■ **INFORMATION PROVIDED**:
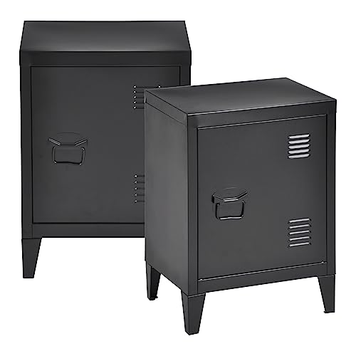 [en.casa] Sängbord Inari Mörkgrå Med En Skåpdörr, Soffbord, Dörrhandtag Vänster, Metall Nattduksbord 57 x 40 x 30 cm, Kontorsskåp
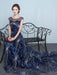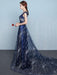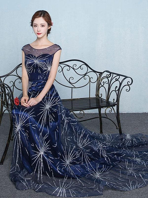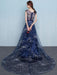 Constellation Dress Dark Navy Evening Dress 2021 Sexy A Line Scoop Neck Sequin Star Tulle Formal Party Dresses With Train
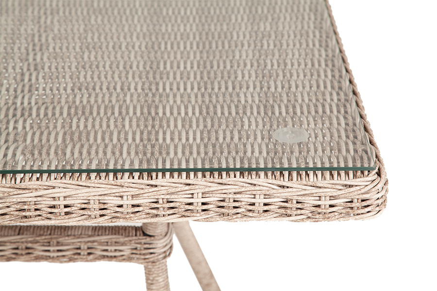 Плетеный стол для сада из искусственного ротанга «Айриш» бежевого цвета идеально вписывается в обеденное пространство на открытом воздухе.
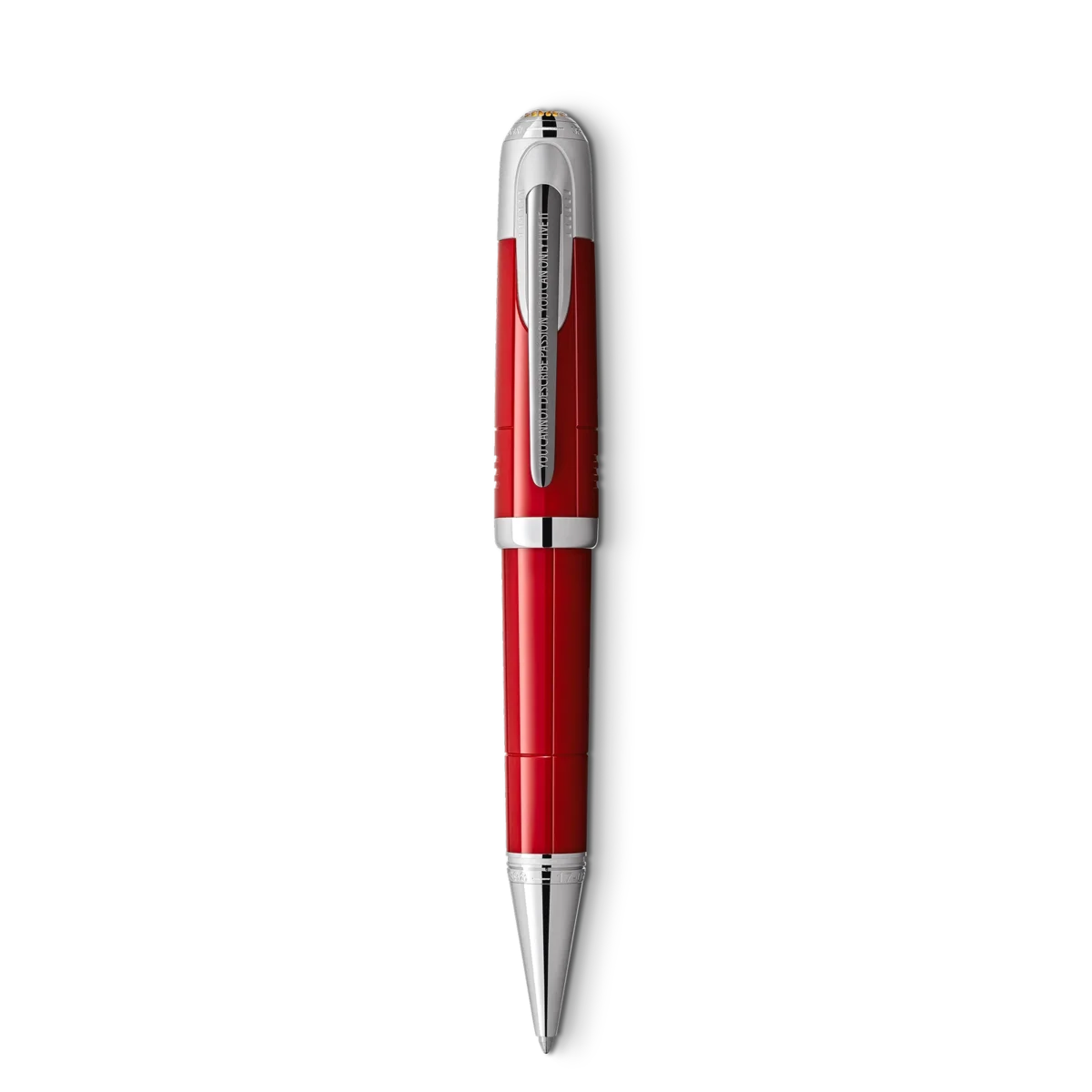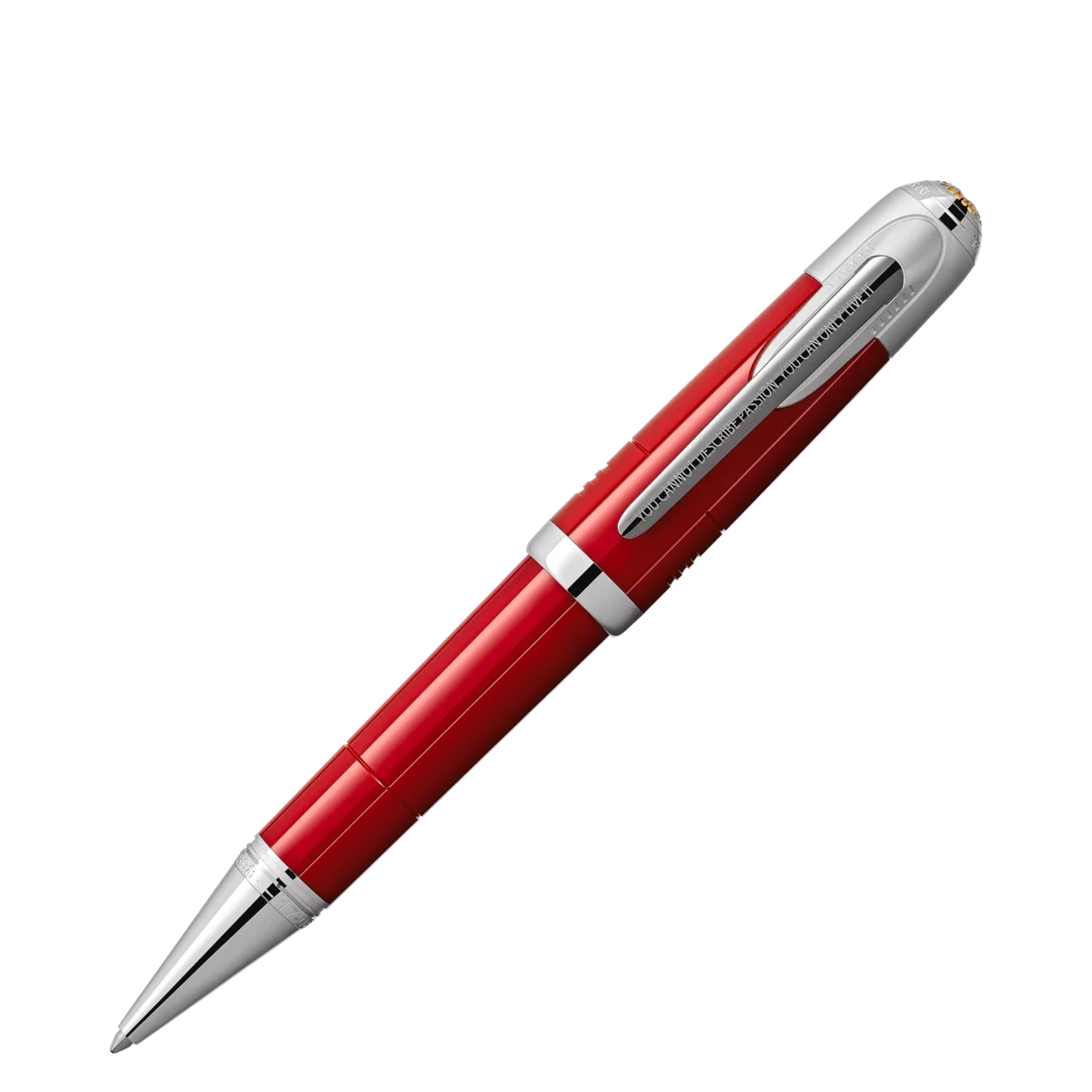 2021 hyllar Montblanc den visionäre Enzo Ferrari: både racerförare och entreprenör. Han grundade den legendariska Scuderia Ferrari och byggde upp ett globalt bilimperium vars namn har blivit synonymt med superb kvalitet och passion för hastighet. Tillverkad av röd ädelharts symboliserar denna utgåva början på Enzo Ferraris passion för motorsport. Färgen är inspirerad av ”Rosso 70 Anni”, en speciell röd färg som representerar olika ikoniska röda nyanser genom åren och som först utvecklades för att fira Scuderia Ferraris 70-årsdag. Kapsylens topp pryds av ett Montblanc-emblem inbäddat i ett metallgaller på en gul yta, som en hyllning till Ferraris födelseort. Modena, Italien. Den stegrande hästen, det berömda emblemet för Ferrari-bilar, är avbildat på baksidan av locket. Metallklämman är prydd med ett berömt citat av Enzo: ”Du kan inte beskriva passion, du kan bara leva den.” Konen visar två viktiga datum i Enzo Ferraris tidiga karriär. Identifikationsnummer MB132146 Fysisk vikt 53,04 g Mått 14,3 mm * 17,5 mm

■ **EXERCISE GOAL**: Please repeat every line from the listing above exactly as it appears. Drop the pictures.

■ **TASK ANSWER**:
 [en.casa] Sängbord Inari Mörkgrå Med En Skåpdörr, Soffbord, Dörrhandtag Vänster, Metall Nattduksbord 57 x 40 x 30 cm, Kontorsskåp
 Constellation Dress Dark Navy Evening Dress 2021 Sexy A Line Scoop Neck Sequin Star Tulle Formal Party Dresses With Train
 Плетеный стол для сада из искусственного ротанга «Айриш» бежевого цвета идеально вписывается в обеденное пространство на открытом воздухе.
 2021 hyllar Montblanc den visionäre Enzo Ferrari: både racerförare och entreprenör. Han grundade den legendariska Scuderia Ferrari och byggde upp ett globalt bilimperium vars namn har blivit synonymt med superb kvalitet och passion för hastighet. Tillverkad av röd ädelharts symboliserar denna utgåva början på Enzo Ferraris passion för motorsport. Färgen är inspirerad av ”Rosso 70 Anni”, en speciell röd färg som representerar olika ikoniska röda nyanser genom åren och som först utvecklades för att fira Scuderia Ferraris 70-årsdag. Kapsylens topp pryds av ett Montblanc-emblem inbäddat i ett metallgaller på en gul yta, som en hyllning till Ferraris födelseort. Modena, Italien. Den stegrande hästen, det berömda emblemet för Ferrari-bilar, är avbildat på baksidan av locket. Metallklämman är prydd med ett berömt citat av Enzo: ”Du kan inte beskriva passion, du kan bara leva den.” Konen visar två viktiga datum i Enzo Ferraris tidiga karriär. Identifikationsnummer MB132146 Fysisk vikt 53,04 g Mått 14,3 mm * 17,5 mm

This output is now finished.